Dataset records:
-------------------------

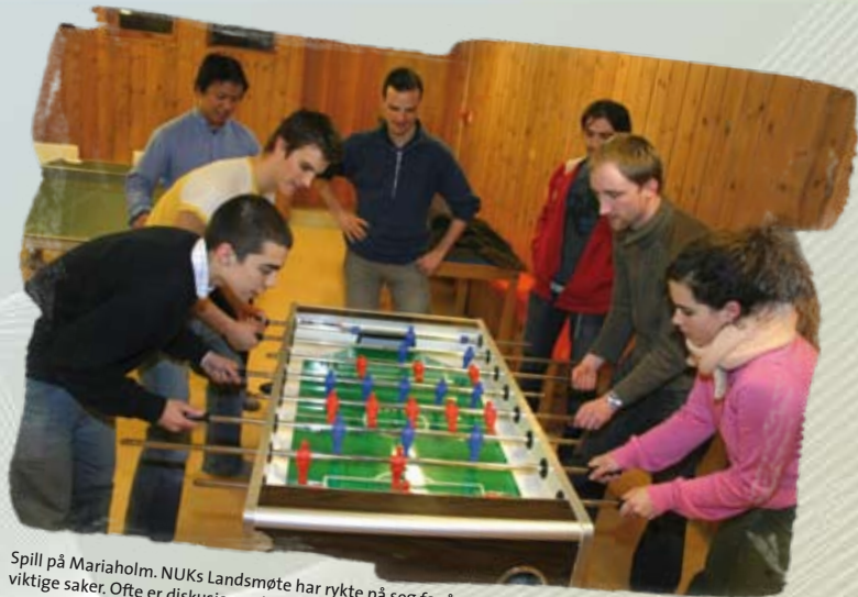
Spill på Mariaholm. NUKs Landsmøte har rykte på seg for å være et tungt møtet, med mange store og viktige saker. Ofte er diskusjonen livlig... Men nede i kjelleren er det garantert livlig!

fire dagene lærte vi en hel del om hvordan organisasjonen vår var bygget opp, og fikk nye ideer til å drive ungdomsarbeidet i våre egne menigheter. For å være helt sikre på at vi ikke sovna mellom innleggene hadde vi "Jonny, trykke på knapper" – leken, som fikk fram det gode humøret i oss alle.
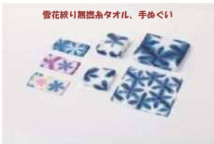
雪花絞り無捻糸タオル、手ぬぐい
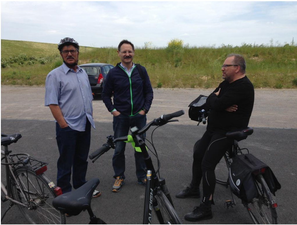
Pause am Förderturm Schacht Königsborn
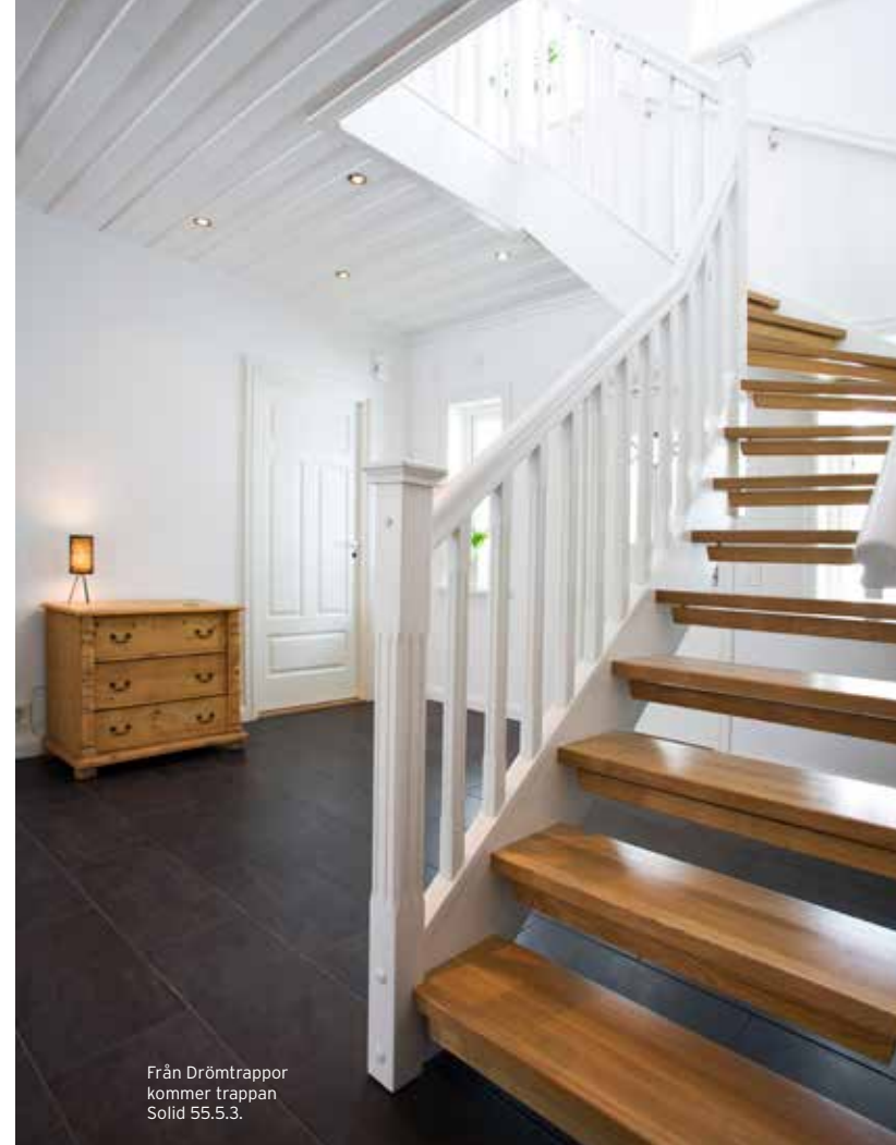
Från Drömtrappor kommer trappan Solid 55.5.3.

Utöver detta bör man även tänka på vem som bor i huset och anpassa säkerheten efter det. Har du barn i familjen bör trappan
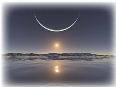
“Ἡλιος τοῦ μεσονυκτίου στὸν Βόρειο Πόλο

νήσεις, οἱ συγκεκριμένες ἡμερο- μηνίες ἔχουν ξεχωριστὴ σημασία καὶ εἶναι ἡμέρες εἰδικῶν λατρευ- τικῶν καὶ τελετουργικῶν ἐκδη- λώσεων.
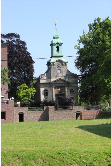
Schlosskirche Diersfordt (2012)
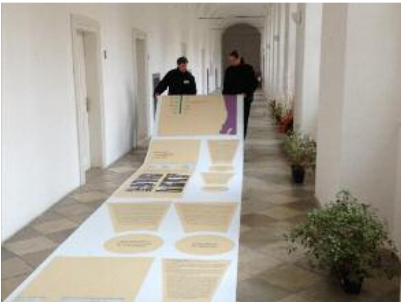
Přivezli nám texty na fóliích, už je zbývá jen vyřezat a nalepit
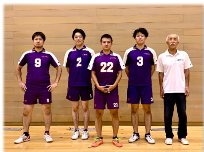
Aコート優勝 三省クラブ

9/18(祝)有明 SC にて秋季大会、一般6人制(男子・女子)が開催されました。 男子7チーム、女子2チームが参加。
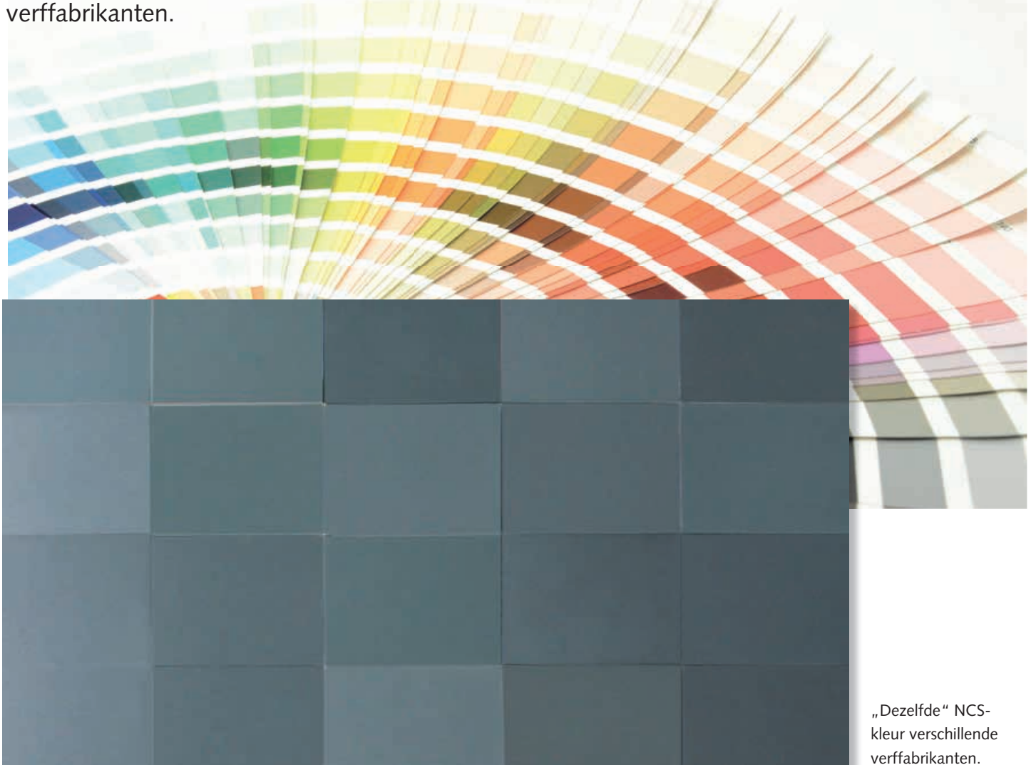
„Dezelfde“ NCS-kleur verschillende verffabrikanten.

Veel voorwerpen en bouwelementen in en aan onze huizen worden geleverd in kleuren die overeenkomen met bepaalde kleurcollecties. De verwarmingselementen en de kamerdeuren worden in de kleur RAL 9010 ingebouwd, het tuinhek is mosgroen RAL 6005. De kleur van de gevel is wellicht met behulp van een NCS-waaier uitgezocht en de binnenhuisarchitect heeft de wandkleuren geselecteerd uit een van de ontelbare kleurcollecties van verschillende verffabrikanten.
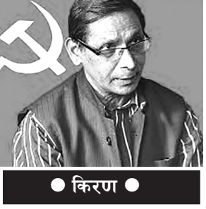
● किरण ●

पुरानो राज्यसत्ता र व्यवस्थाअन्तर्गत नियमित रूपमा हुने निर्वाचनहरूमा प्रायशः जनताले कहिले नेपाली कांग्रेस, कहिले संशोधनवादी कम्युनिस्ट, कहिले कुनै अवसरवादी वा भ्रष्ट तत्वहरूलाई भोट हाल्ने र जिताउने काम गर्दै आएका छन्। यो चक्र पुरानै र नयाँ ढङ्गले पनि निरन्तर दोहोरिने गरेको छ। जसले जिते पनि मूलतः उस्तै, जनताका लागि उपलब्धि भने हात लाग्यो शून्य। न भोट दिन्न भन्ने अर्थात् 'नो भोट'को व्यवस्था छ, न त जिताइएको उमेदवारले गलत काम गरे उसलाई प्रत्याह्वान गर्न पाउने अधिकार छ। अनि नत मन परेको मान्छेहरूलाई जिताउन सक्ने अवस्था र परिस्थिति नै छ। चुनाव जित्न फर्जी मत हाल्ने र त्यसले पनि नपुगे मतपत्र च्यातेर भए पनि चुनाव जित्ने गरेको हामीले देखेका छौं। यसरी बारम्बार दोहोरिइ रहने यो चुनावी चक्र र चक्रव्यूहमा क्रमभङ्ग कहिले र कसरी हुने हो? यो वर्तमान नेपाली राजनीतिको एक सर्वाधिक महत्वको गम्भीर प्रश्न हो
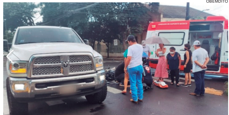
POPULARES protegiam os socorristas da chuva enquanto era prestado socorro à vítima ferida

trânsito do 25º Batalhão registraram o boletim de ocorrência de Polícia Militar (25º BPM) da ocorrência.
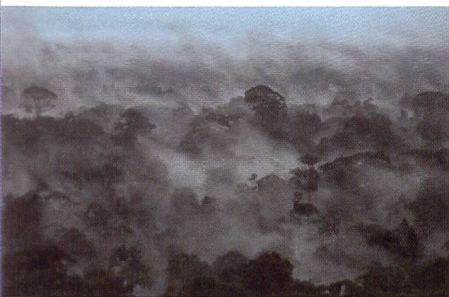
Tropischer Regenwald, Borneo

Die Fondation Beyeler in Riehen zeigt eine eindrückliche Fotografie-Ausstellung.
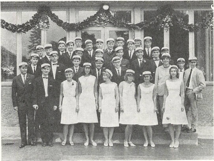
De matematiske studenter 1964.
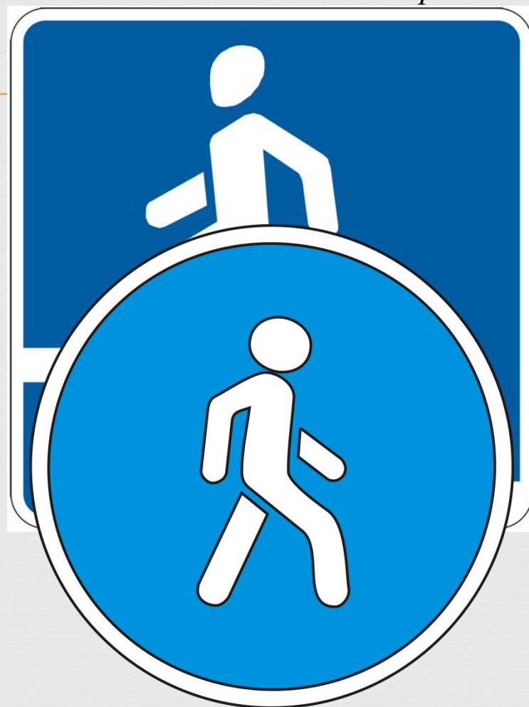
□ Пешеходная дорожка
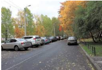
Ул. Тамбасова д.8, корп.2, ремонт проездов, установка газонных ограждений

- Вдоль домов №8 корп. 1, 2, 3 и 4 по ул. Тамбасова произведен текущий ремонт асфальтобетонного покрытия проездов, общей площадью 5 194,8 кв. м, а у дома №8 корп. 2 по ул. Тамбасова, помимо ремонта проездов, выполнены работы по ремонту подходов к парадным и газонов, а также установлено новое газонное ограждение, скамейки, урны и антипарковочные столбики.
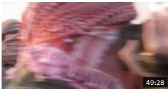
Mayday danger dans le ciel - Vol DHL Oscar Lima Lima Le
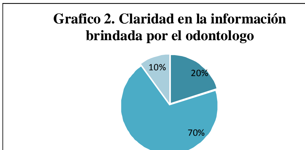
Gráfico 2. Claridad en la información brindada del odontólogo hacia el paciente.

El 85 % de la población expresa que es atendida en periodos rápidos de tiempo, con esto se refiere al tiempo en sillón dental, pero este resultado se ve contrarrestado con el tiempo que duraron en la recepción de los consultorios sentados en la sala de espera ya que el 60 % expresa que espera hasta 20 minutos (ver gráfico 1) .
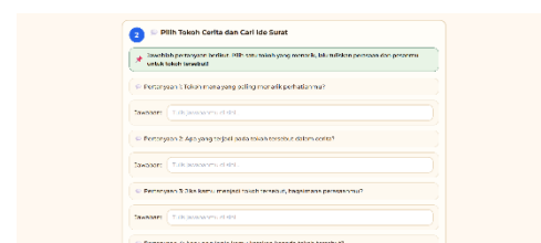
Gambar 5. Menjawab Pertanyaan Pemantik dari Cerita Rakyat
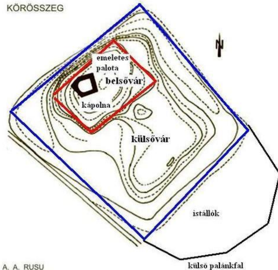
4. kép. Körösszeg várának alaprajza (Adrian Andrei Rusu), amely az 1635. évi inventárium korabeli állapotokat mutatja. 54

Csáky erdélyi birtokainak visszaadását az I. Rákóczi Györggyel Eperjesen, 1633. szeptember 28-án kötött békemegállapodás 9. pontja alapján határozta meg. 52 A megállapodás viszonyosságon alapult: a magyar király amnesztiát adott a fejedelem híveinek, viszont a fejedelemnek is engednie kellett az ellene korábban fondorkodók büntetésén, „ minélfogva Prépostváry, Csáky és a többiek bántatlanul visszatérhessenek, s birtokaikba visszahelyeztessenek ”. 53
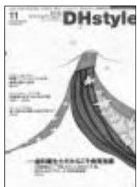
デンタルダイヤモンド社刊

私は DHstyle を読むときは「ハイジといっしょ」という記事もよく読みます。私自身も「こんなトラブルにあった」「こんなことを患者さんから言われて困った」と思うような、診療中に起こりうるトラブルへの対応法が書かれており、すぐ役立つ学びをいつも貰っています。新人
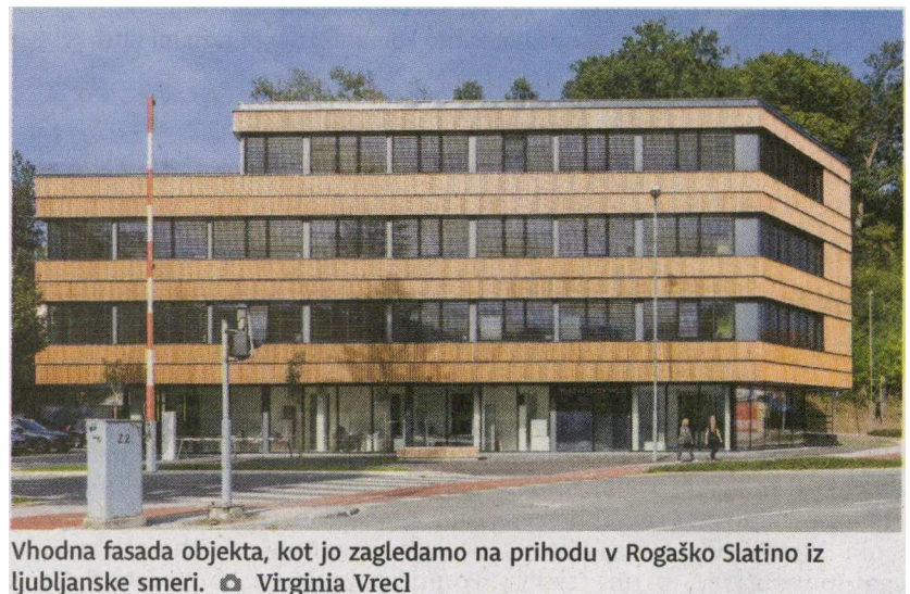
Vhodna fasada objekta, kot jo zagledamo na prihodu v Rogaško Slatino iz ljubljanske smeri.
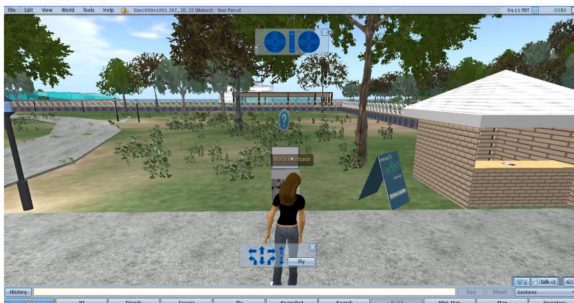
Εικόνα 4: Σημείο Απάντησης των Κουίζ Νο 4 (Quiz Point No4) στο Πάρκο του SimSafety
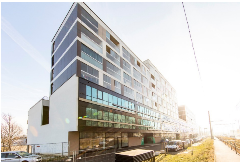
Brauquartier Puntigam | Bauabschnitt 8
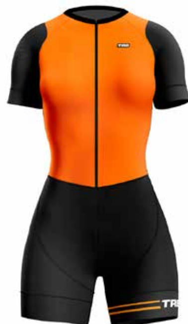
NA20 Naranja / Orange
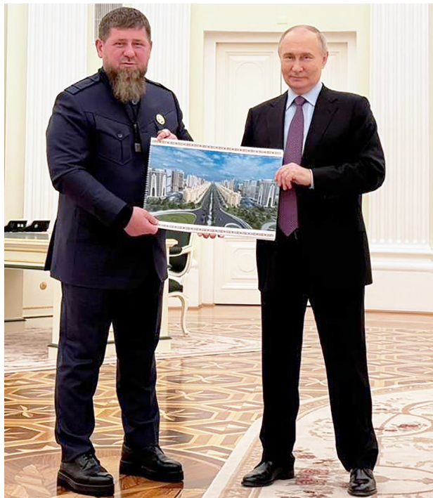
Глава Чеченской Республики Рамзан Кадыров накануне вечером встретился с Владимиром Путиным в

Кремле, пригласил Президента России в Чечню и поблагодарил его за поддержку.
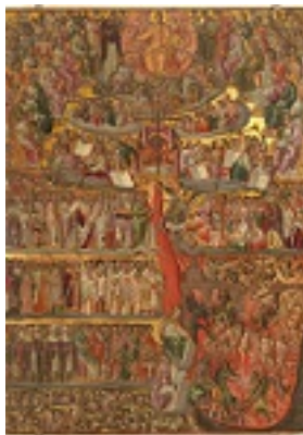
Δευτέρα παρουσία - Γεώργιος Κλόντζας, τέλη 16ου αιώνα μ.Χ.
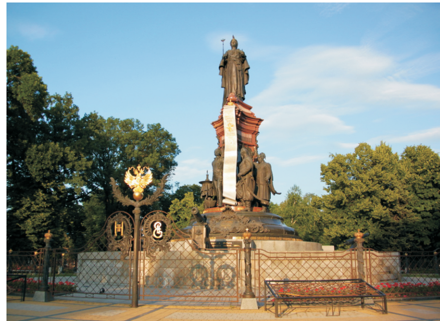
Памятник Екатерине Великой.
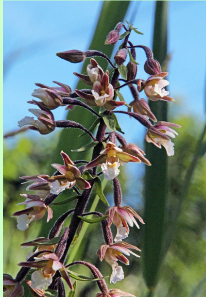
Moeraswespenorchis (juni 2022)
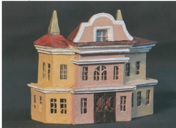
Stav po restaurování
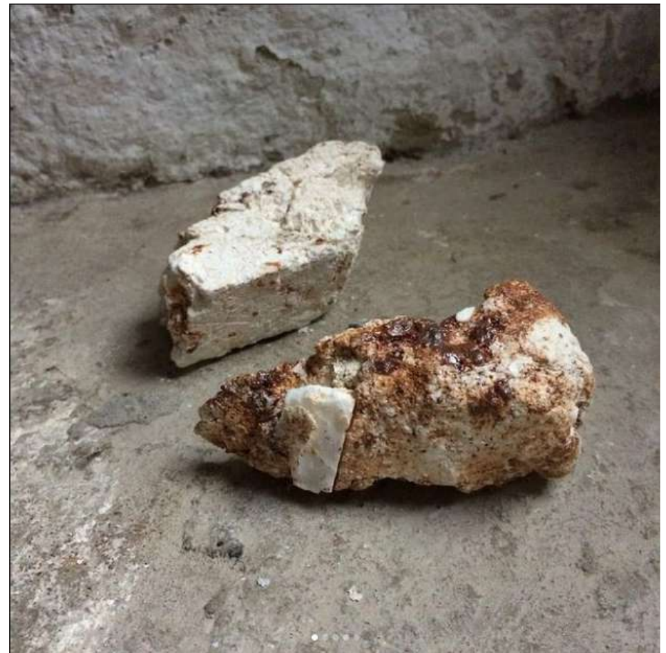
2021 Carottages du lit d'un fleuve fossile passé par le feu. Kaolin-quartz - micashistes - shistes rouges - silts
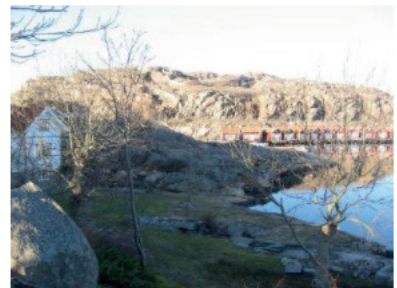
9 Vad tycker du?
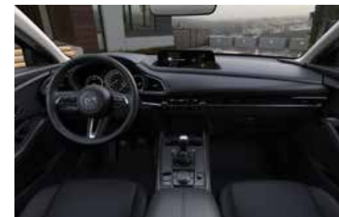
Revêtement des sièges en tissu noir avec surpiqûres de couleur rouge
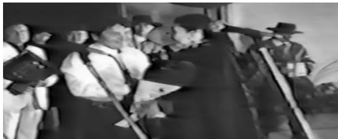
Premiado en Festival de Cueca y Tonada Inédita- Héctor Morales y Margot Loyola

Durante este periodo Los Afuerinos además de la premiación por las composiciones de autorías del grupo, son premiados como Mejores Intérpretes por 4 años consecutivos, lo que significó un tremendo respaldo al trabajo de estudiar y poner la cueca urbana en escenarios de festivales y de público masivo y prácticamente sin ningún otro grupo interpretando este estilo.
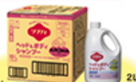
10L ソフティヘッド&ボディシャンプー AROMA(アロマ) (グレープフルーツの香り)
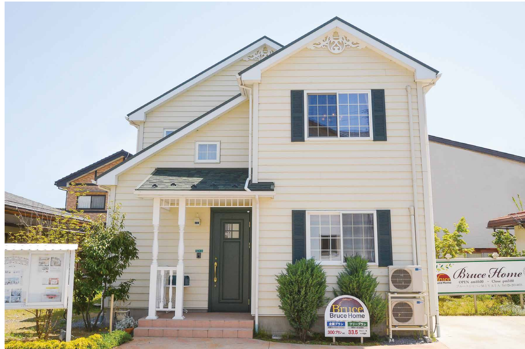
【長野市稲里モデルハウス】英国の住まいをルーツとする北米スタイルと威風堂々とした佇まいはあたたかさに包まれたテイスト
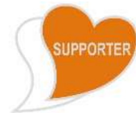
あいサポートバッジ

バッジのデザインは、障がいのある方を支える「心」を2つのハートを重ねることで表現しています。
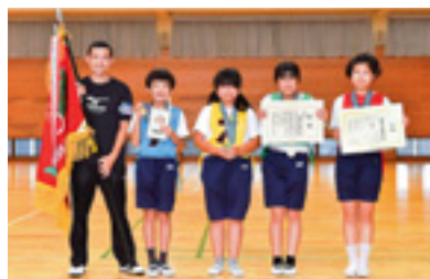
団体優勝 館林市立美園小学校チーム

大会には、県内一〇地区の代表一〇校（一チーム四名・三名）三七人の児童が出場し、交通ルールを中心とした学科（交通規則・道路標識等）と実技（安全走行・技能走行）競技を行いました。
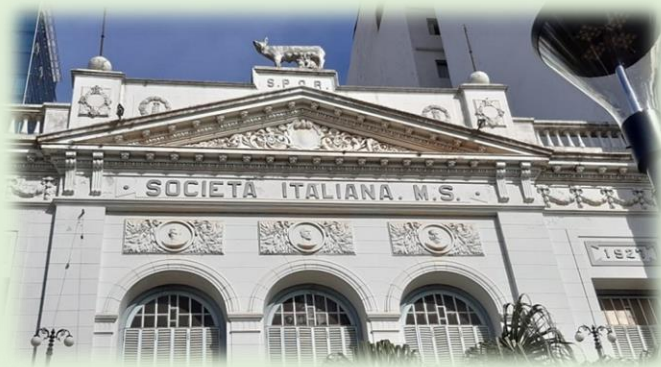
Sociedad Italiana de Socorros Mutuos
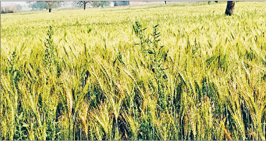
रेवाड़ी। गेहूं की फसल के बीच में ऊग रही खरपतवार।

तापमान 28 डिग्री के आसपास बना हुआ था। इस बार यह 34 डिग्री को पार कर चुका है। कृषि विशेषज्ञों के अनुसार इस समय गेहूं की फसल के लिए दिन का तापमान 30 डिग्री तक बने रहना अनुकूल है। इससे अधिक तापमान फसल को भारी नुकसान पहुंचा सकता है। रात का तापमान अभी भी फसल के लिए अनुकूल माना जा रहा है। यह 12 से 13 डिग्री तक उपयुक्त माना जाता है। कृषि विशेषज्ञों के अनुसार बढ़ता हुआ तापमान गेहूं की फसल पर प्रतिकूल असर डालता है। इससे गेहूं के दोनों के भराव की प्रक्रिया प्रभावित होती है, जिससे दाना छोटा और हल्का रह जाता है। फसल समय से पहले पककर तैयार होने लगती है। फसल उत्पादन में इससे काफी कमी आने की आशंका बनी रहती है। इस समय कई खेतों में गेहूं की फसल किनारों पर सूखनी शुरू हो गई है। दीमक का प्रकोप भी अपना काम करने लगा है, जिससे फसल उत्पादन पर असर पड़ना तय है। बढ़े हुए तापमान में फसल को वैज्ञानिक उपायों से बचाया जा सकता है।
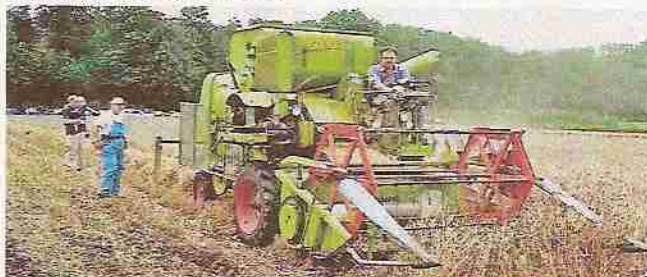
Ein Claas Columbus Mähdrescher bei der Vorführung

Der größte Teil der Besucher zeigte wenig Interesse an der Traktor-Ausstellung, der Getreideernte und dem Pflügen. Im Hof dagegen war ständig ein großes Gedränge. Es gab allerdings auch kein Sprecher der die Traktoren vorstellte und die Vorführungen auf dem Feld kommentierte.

-------------------------

> What to produce
With "Ausstellung" as the string to find, copy every line of the records that holds it.

> Solution to the exercise
Die Fondation Beyeler in Riehen zeigt eine eindrückliche Fotografie-Ausstellung.
Der größte Teil der Besucher zeigte wenig Interesse an der Traktor-Ausstellung, der Getreideernte und dem Pflügen. Im Hof dagegen war ständig ein großes Gedränge. Es gab allerdings auch kein Sprecher der die Traktoren vorstellte und die Vorführungen auf dem Feld kommentierte.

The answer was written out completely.